──────── Data segment
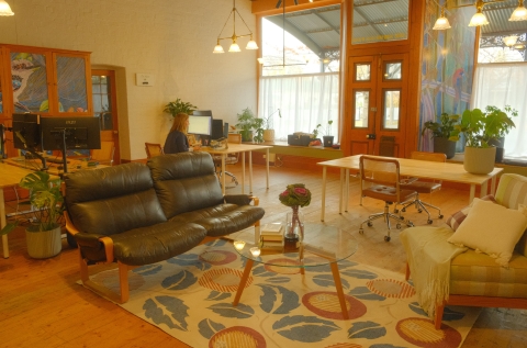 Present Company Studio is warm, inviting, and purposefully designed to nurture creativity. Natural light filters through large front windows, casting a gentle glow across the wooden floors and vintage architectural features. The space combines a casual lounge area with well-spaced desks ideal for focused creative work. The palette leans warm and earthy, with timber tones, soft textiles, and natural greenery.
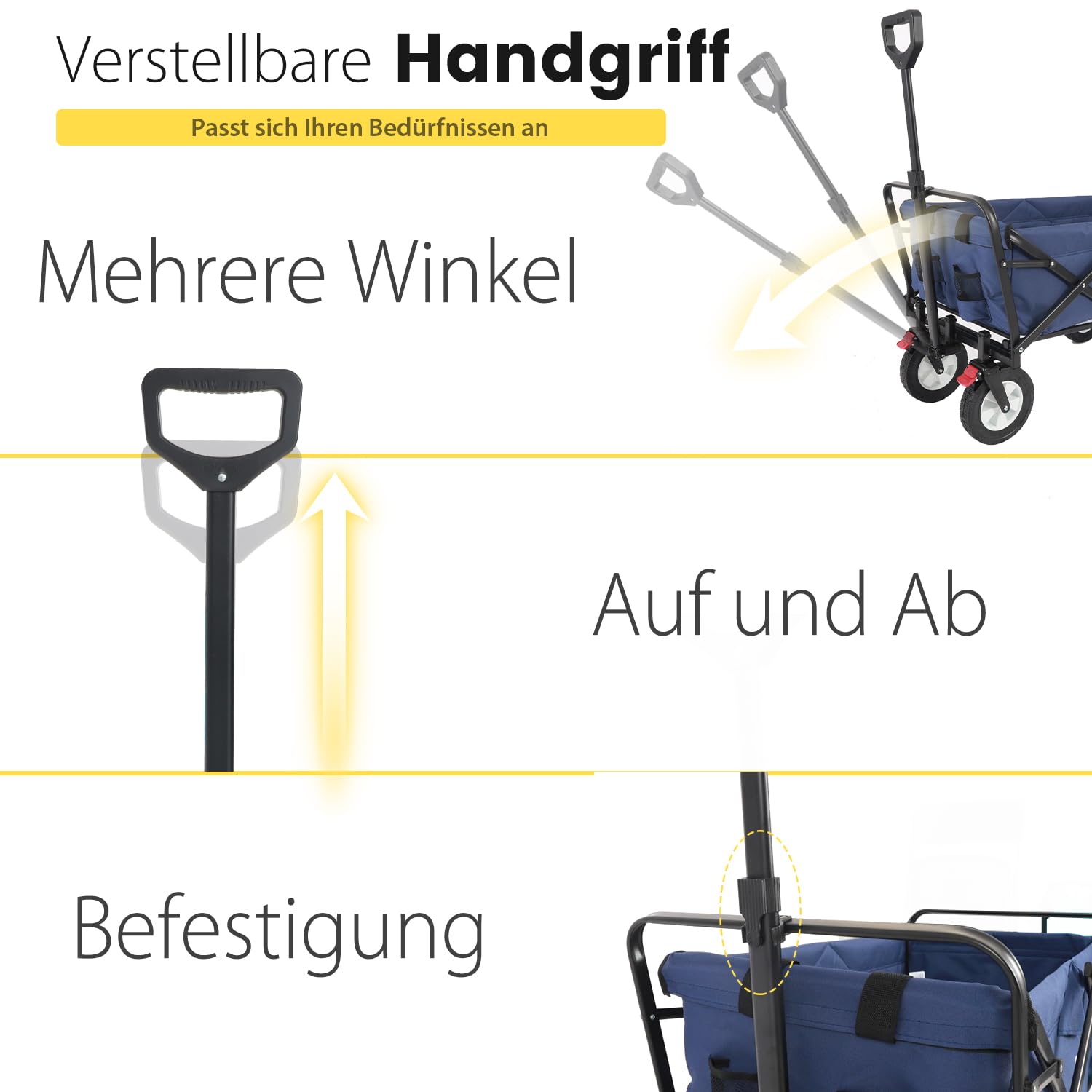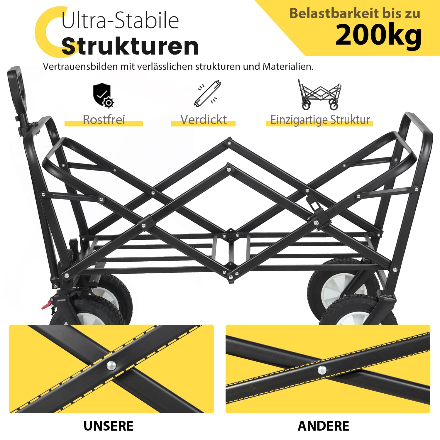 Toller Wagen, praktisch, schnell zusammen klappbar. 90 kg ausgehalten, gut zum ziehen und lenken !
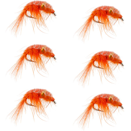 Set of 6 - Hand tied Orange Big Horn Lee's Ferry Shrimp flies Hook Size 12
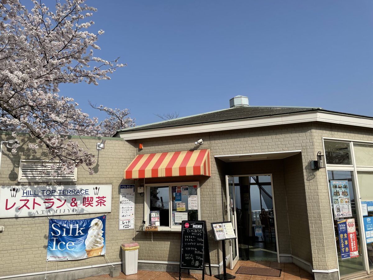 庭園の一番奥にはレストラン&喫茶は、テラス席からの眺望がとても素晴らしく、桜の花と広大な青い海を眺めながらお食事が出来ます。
────────────────
Work request: From the line that contains "Set of 6 - Hand" down to the last line of the material above, every line must be repeated exactly, with pictures removed and both end lines included.

Answer box:
 Set of 6 - Hand tied Orange Big Horn Lee's Ferry Shrimp flies Hook Size 12
 庭園の一番奥にはレストラン&喫茶は、テラス席からの眺望がとても素晴らしく、桜の花と広大な青い海を眺めながらお食事が出来ます。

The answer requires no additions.